Crossing his arms, Scott leaned back and scrutinized the young lady. “Astute observation. I’m confident you’ll find the right amount to apply through trial and error.”

Realization of the jest’s true subject brushed on Kinsey’s face a devilry smile to match her cousin’s wink. “Permit me to rephrase my humble request. Would one of my kind Knights of Nonsense pour me a refreshment while I change into more appropriate attire for entertaining a guest?”

Placing a palm to his chest, Seth dipped forward in a seated bow. “My lady, we would be honored.”

Queen Anne took leave with a cross-eyed curtsy as Westcott’s laughter echoed off stucco walls. “God help me. Keep Alice in Wonderland out of her hands or I’ll be traveling down rabbit holes.”

Scott grinned. You’re far too late for that important date.

Another sip from his glass turned Seth’s jovial persona to a more solemn one.

“Too many lemons?”

“Only one too many.” Westcott leaned in as he drew out the name. “Geoooorrrrge paid a visit.”

Scott’s smile faded with Seth’s prolonged handle that could only refer to one person: The proprietor of El Pinal Vineyards and Westcott Winery’s biggest competitor.

George West.

During the initial steps in assisting Kinsey with her wish to invest and someday own a vineyard producing a wine served in Boston’s finest establishments, Scott reached out to the gentleman well-known in San Joaquin’s viticulture community.

Offering his home as overnight accommodations, West provided the cousins a day-long private tour of El Pinal which he proudly narrated while suggesting Scott contact Phillip Westcott who may be seeking out investors. Yes, in the beginning, Geoooorrrrge was a gracious host and mentor, however, it didn’t take long for the man’s true colors to shine through: a braggart who enjoyed dining on smaller, less successful vineyards. Scott’s investment was meant to fatten up Seth’s family business before George West put it on his menu.

“The weasel came riding in to offer his condolences of relief after Jupiter’s wreck made the headlines. The solicitous bastard had no doubt been praying I’d been sent to hell. Obviously, our picture on the front page of the Stockton Daily Herald was quite the disappointment for him.”

Scott felt certain his name had also been on the Hades prayer list, but not Kinsey’s due to the fact George West didn’t consider her a threat. Along with being a pompous piranha, the man had proved to be a lousy judge of character. “I gather that celebrating your continued good health wasn’t the only reason for our friend’s visit.”

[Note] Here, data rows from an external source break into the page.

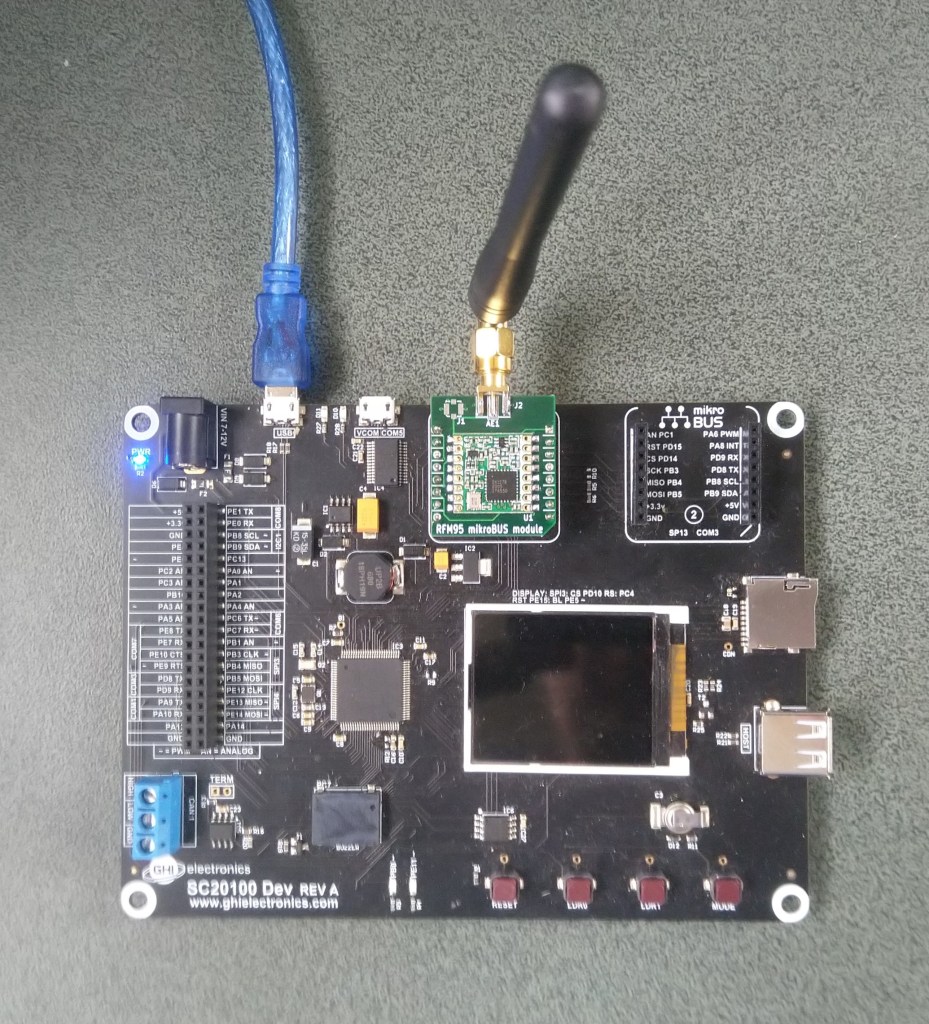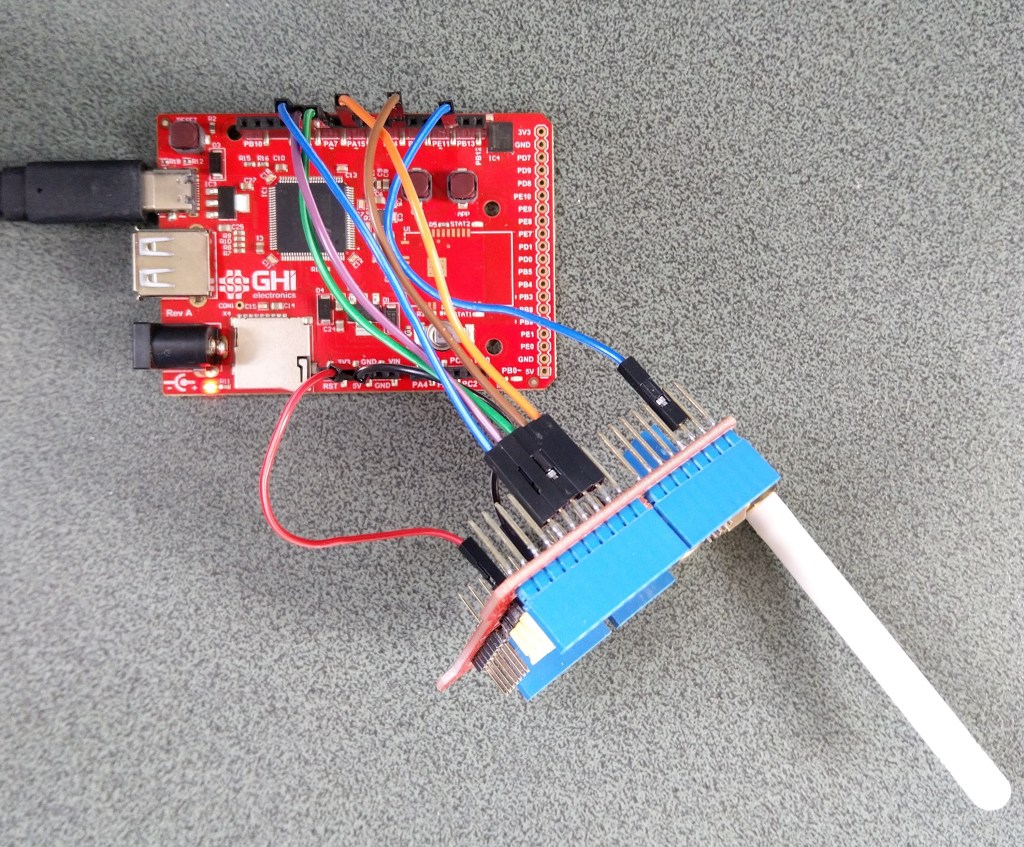 My initial test rig uses a Netduino 3 Wifi and an Embedded Coolness nRF24 shield as I didn’t need to use jumper wires.
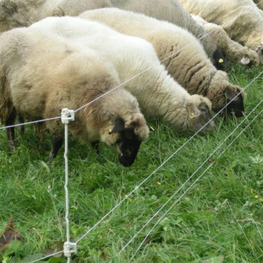Zeer stevige. lichtgewicht veerstalen paal voorzien van vier verstelbare isolatoren. Maximale afrasteringshoogte 87.5 cm. Met 10cm dubbele pen voor stabiele bevestiging in de grond. Witte isolerende coating voor goede zichtbaarheid en ter voorkoming van kortsluiting. Koe
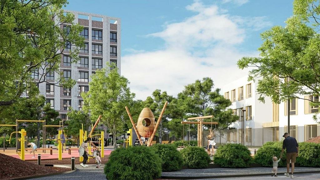 | Концепция «двор без машин» реализована полностью: гостевые парковки вынесены за периметр, а внутри — только пешеходные зоны, детские площадки с безопасным резиновым покрытием, зоны для воркаута и скамейки в тени деревьев. |
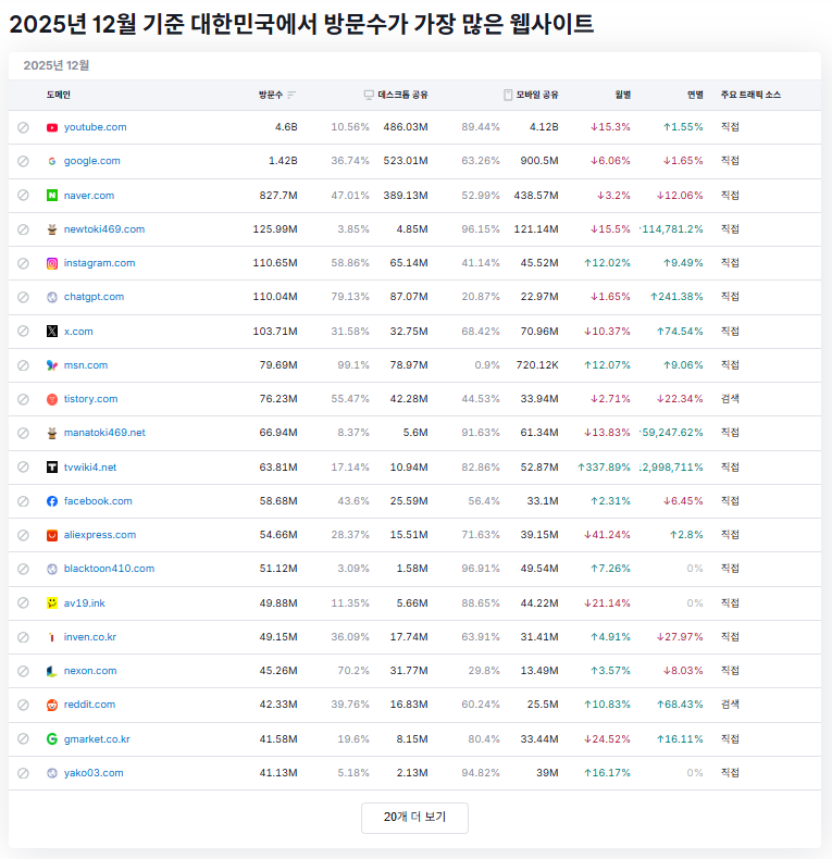 2025년 12월 기준 대한민국에서 방문수가 가장 많은 웹사이트
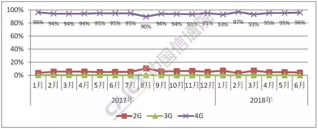 来自中国信息通信研究院发布的《2018年6月国内手机市场运行分析报告》显示,今年上半年国内手机市场出货量为1.96亿部,同比下降17.8%。4G手机上半年出货量1.86亿部,同比下降17.9%。3G手机出货量3.4万部,同比下降93.2%。2G手机出货量1024.8万部,同比下降13.4%。4G手机已经成为市场主流,2G、3G手机颓势明显。
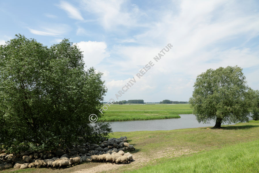 Aue, Baum, Deutschland, Elbaue, Elbe, Fauna, Feuchtgebiet, Flora, Fluss, Gewässer, Gruppe, Herde, Huftier, Kulturlandschaft, Landschaft, Rühstäd, Sachsen-Anhalt, Schaf, Schafherde, Säugetier, Tiergruppe, Totarm, Weide,

“An accurate assumption.” Seth’s casual smile slowly reclaimed its customary place. “It appears there’s been what my mother would call a faux pas regarding the wedding guests.”

George West knows the McGuire sisters? The ridiculous thought which popped into Scott’s head was quickly replaced with one more plausible but just as absurd, stifling his response to a single word. “No.”

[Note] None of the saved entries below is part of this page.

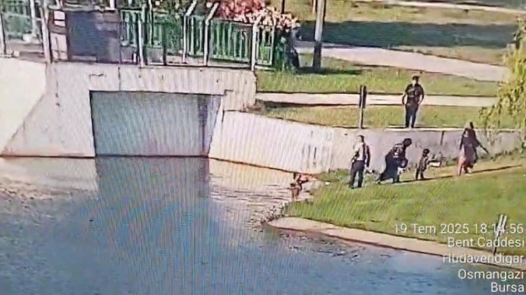 Güvenlik kamerasına yansıyan görüntülerde 1,5 yaşındaki çocuk Nilüfer Çayı'na düşmüş güvenlikçi de atlayıp onu kurtarmıştı. Birkaç dakika önce kaydedilen görüntülerde ise ailenin diğer çocuklarının da tehlikeye aldırış etmeden suya atladıkları görülüyor.
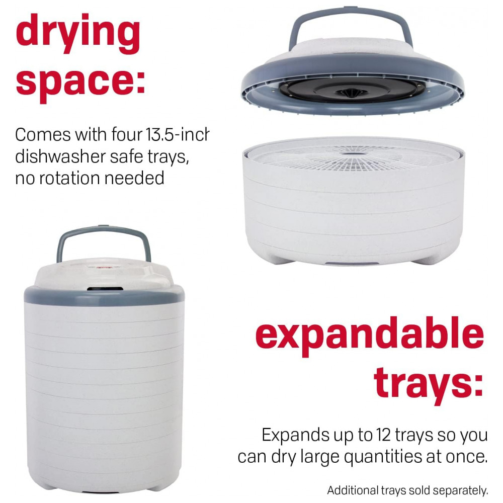 4 Bandejas livres de BPA com 0,8 pés quadrados de área de secagem por bandeja Expansível para 12 bandejas Orgulhosamente fabricado nos EUA de componentes globais e domésticos Inclui 2 folhas de rolo de frutas, 2 telas limpas, uma amostra de tempero e cura para Jerky e uma receita de 52 páginas e livro de instruções
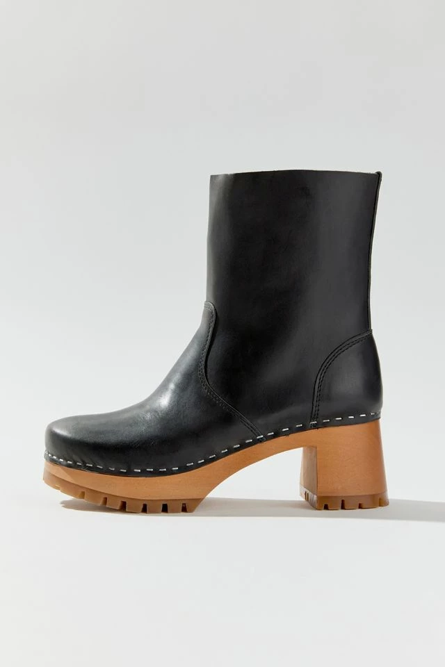 Basic leather boot handcrafted of chrome-free, vegetable-tanned Italian leather with a lime tree wooden heel and sole stitch. Due to its natural nature, the hardwearing leather will soften and stretch with wear, aging beautifully over time.
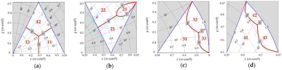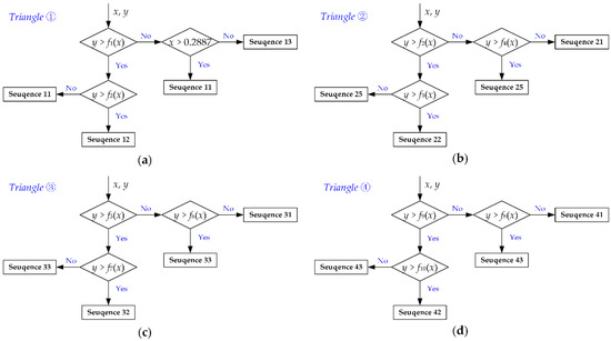 The optimal distribution of sub-regions for different switching sequences in Sector Z1: (a) Triangle ①; (b) Triangle ②; (c) Triangle ③; (d) Triangle ④.
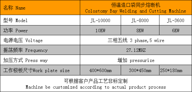 造口袋的機器工作原理原理:利用高壓整流刺激高頻電子管震蕩瞬間產生高頻電磁波電場,被加工的塑膠材料,在電磁波電場內發生分子極性化變化生熱,而焊接在一起。
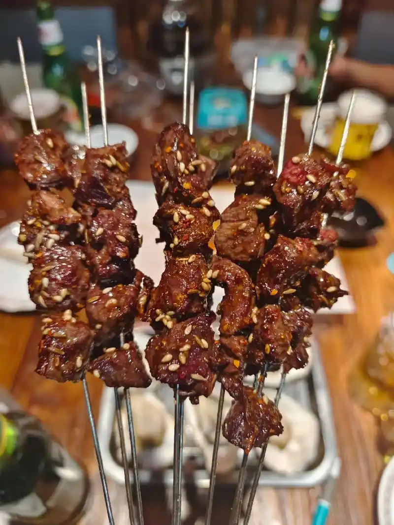 桌上有两串烤鸡心 烤鸡心
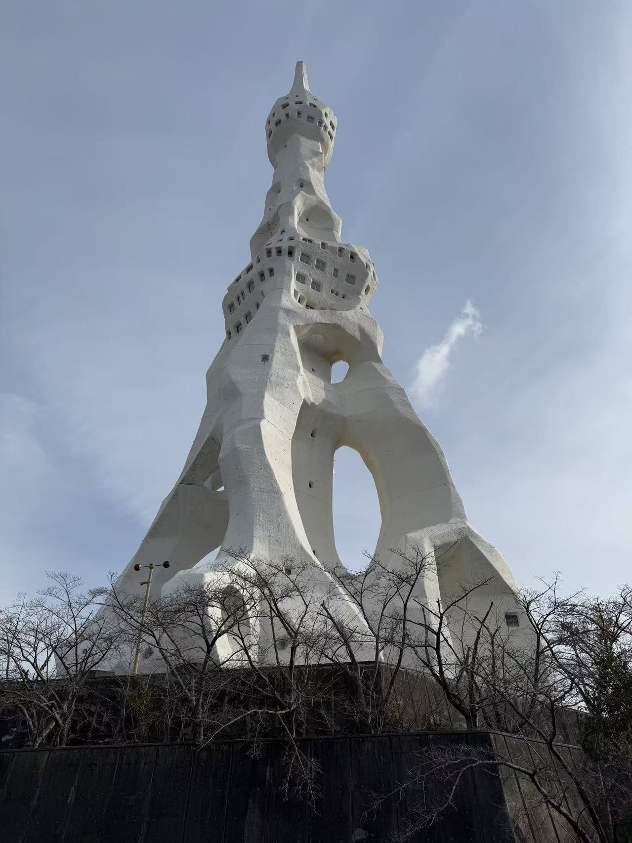 The scale of it was astounding. Never had I seen anything so unique and so large in my life, nothing like it. I stood there for a good five minutes just admiring its grandeur. Then came the realization that I was completely alone, and I made up my mind to walk around the tower. It had such a grotesque geometry which looks a different shape from every angle, reminded me distinctively of the props used in the Japanese Tokusatsu (特撮) films such as the towers in Godzilla or Ultraman. Windows of different sizes were carved into the tower, especially at the middle and top parts of the tower, which shaped like the knots of the elder wand.
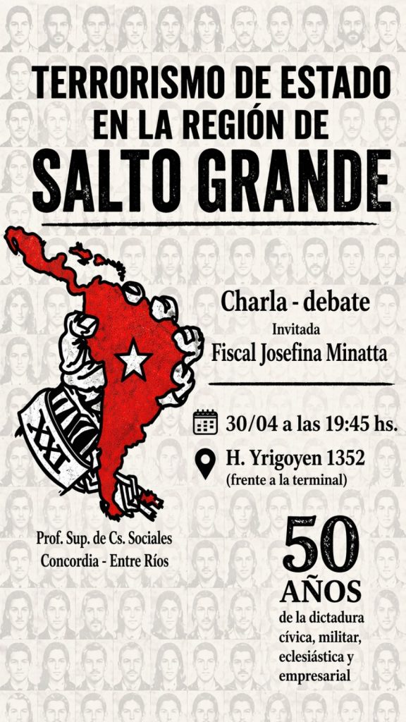 El Profesorado Superior de Ciencias Sociales de Concordia abre sus puertas a la comunidad educativa y al público en general para una jornada de reflexión necesaria. En el marco de los 50 años de la última dictadura cívico-eclesiástica-empresarial-militar, la institución organiza la charla-debate: «Terrorismo de Estado en la región de Salto Grande».

“Blame John Creswell for the lost invitation. And I quote: Grant never should’ve appointed that buffoon as postmaster general. Mail service has been squatting in the outhouse ever since.

“It sounds as if West’s political views have remained unchanged.” Spying his little cousin approaching, Scott reached for the lemonade pitcher.

“West didn’t bless us with that insightful opinion. Those words tumbled out of old Leland’s mouth.”

“Stanford?” The pouring of lemonade came to a halt.

“It’s the only logical explanation why a wedding invitation reached the former governor’s humble residence and not El Pinal.”

Plopping down in a chair, Kinsey beamed. “Well gentlemen, what have I missed?”